Taylor Series Expansion for $\frac1{(1+z^2)}$

Question

Given $f(z) = \frac{1}{1+z^2}$, I want to find the Taylor series of $f(z)$ about $z_0 = 0$. Intuitively, and based on the formation of a standard power series I have $f(z) = \sum (-1)^n(z^2)^n$. What I need now is to find the power series for $(\frac{1}{1+z^2})^2$ and $(\frac{1}{1+z^2})^3$. I assume I'll need to use partial fractions here but I'm a little stuck at the start.
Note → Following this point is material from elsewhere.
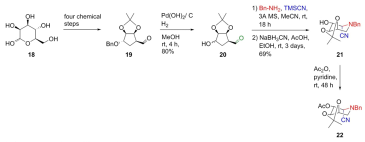 Another nice example of a Strecker reaction is found in a report by Cardona et al. [13]. Aldehyde 19 was previously prepared starting from D-mannose (18) in four steps (Scheme 4). Then, a catalytic hydrogenation of ketal 19 was performed to give the aldehyde 20, which then was subjected to a Strecker reaction in mild conditions using benzylamine and trimethylsilyl cyanide. Finally, nitrile 21 was acetylated under basic conditions affording the piperidine-containing acetate 22. Noteworthy, Strecker reaction was the step key as stereo and regio-selective due to the following reasons:1) it was taken the stereochemistry of compound 20 to carry out the Strecker reaction, where the formation of the iminium ion favored a chelated intermediate in which the cyanide anion performed the addition on the Si face to the double bond forming the diastereomer S as the major product. In the same way, reductive amination at the C-1 position was promoted by the C-5 position of aldehyde.

Tips would be appreciated.

Answer 1

$$1/(1+z^2) = \sum_{n=0}^\infty z^{2n} (-1)^n$$

$$1/(1+z^2)^2 = \sum_{n=0}^\infty (z+1)z^{2n} (-1)^n$$

Answer 2

Hint: the derivative of $$ x\to \frac1{1+x^2} $$ is$$x\to -2x\times \frac{1}{(1+x^2)^2} $$

and the derivative of $$ x\to \frac1{(1+x^2)^2} $$ is$$x\to -2\times 2x\frac{1}{(1+x^2)^3} $$

Answer 3

Let $$\frac{1}{(1+z^2)^2}=\sum_{n=0}^{\infty}a_nz^n$$ then:

$$(1+z^2)\frac{1}{(1+z^2)^2}=(1+z^2)\sum_{n=0}^{\infty}a_nz^n=\sum_{n=0}^{\infty}a_nz^n+a_nz^{n+2}$$

You can write it also as (let $a_{-1}=a_{-2}=0$):

$$\sum_{n=0}^{\infty}a_nz^n+a_nz^{n+2}=\sum_{n=0}^{\infty}(a_n+a_{n-2})z^n$$

But you know that

$$\frac{1}{(1+z^2)}=\sum_{n=0}^{\infty}a_nz^n+a_nz^{n+2}=\sum_{n=0}^{\infty}b_nz^n$$

So finally you have $b_n=a_{n}+a_{n-2}$.